Swinging, they had come back, easing up close aboard her to windward and blanketing her sails. When no one came on deck then, with the headway off her and the mainsail slatting idly as she came about, they had acknowledged there was something ominous about it. Backing down fast on the engines to remain there and hold her captive, they had put over the work boat to investigate. There was no need to launch a lifeboat. It had been flat calm for days, and the slight breeze which had sprung up in the afternoon was scarcely enough to ripple the gently heaving pastures of the Gulf.

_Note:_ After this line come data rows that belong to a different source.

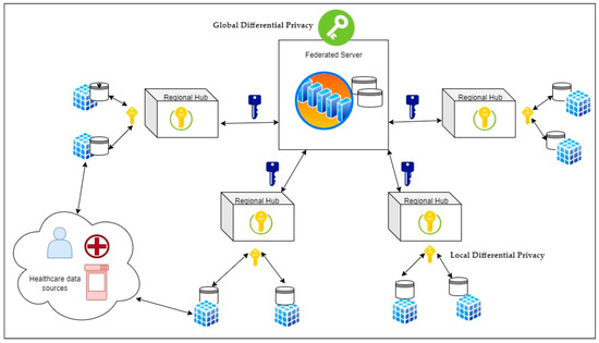 A federated learning architecture with Differential Privacy in the healthcare domain is shown in Figure 1. It describes healthcare data sources that are exchanging information amongst themselves and a central federated server connected to regional hubs. Local and Global Differential Privacy mechanisms are incorporated into the system to ensure the secure exchange of data on the network while protecting privacy.
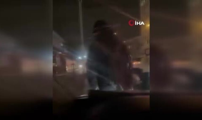 Görüntüler: Çevredeki cep telefonu kamerası tarafından kaydedilen görüntülerde, bir kadının diğer aracın kapısını tekmelediği ve çevredekilerin olaya müdahale etmeye çalıştığı anlar yer alıyor.
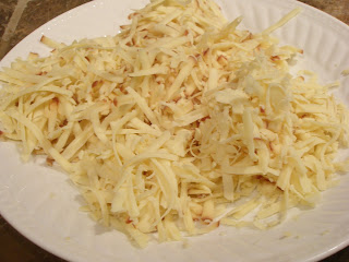 Take the cream cheese out of the fridge and let it sit on the counter- you’ll want it to be soft when you add it to the mixture later. Then grate the entire block of Gouda.
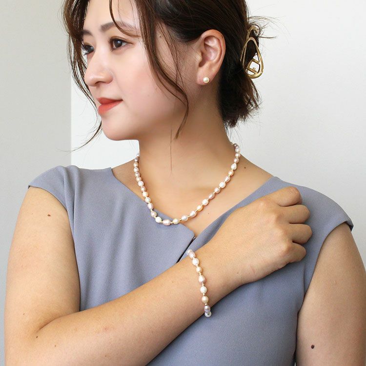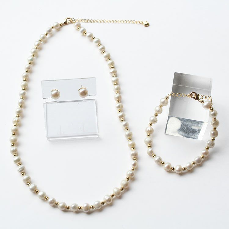 淡水パールネックレス・ブレスレット・ピアス3点セット/1240296--3

Freya, of San Juan, P.R., it said under her stern, and the master of the tanker studied her curiously while he waited for the mate to come back to the bridge. She was a long way from home. He wondered what she was doing this far to the westward, in the Gulf of Mexico, and why a small boat from Spanish Puerto Rico should have been named after a Norse goddess.
The mate came up on the bridge carrying the big ledger and the satchel. “Sick?” the captain asked. “Or dead?”

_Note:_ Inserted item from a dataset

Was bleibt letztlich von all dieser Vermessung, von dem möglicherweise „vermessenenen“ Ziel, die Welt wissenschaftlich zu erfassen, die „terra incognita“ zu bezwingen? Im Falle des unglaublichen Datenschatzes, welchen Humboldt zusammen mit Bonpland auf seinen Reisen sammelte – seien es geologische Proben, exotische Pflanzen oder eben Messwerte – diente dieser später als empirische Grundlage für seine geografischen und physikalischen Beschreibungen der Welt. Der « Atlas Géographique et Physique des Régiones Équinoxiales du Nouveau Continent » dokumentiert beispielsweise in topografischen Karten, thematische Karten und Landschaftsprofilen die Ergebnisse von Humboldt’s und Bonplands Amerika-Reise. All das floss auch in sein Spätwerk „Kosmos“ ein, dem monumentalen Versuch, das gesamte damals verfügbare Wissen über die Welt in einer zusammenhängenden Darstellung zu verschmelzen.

“Gone,” the mate said, with the air of a man who has been talking to ghosts without believing in them. “Just gone. Like that. Remember the Celeste?

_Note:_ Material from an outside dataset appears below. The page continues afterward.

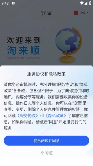 1、安装软件并打开后,界面下方会弹出服务协议与隐私政策的提示,点击“同意”按钮即可。

“Two of ‘em, as near as I can figure it,” he went on, sketching it tersely. “A man and a woman. One or both of ‘em was there not over an hour ago.”
“Well, as soon as you get that line on her we’d better go back and see,” the captain said. “Anything in the log?”
“Gibberish,” the older man replied. He passed over the book, and then the satchel. “Take a gander in that, Cap. Whatever was botherin’ ‘em, it wasn’t financial trouble.”
The captain pursed his lips in a silent whistle as he opened the bag to stare briefly and incredulously at the bundles of currency. He looked outward at the Freya, where the men were making the towline fast, and frowned thoughtfully. Then he opened the big journal at the page the mate indicated and read the last entry.
He frowned again.
The rapture . . . the rapture.
Something nudged gently at his mind. He groped for it, and found it. He was a studious and reflective seafaring man who had read Conrad, and the thing which had struck him was the odd, reverse-English similarity to Kurtz’s agonized death cry in The Heart of Darkness . “The horror. The horror.”
Flipping back, he hurriedly read the last five or six pages of the handwritten journal. Then he closed it gently and walked to the wing of the bridge to stand looking down.
“When you get your men aboard,” he said slowly, “you can resume your course, Mr. Davidson.”
“We’re not going back?” the mate asked incredulously.
The captain shook his head. “There’s nothing to go back for.”
“But, Cap—That coffee was still warm. And she couldn’t have been logging over two knots. We might find ‘em.”
“No.” The captain gazed back over the flat surface of the sea that was red now in the afterglow. “No. You’d find nothing. Nothing at all.”
But in the end, of course, they did go back, with a lookout on the foremast with the big Navy glasses. They served the sea, and the sea demanded it. And they found nothing but the empty and darkening prairies of the Gulf.
When there was no longer any light at all and they had given up and resumed their course, the captain counted the money in the presence of two of the ship’s officers and locked it in the safe. It came to eighty-three thousand dollars. Then he sat down alone in his office and opened the journal again.
He pulled the long strand of ash-blond hair through his fingers and held it up to the light. Freya, he thought musingly; Freya, the Viking goddess of love . He wished now he had boarded the sloop himself. The mate was a superb sailor, and intelligent, with a sharp eye for detail and clues in a thing like this, but he wasn’t a particularly sensitive man.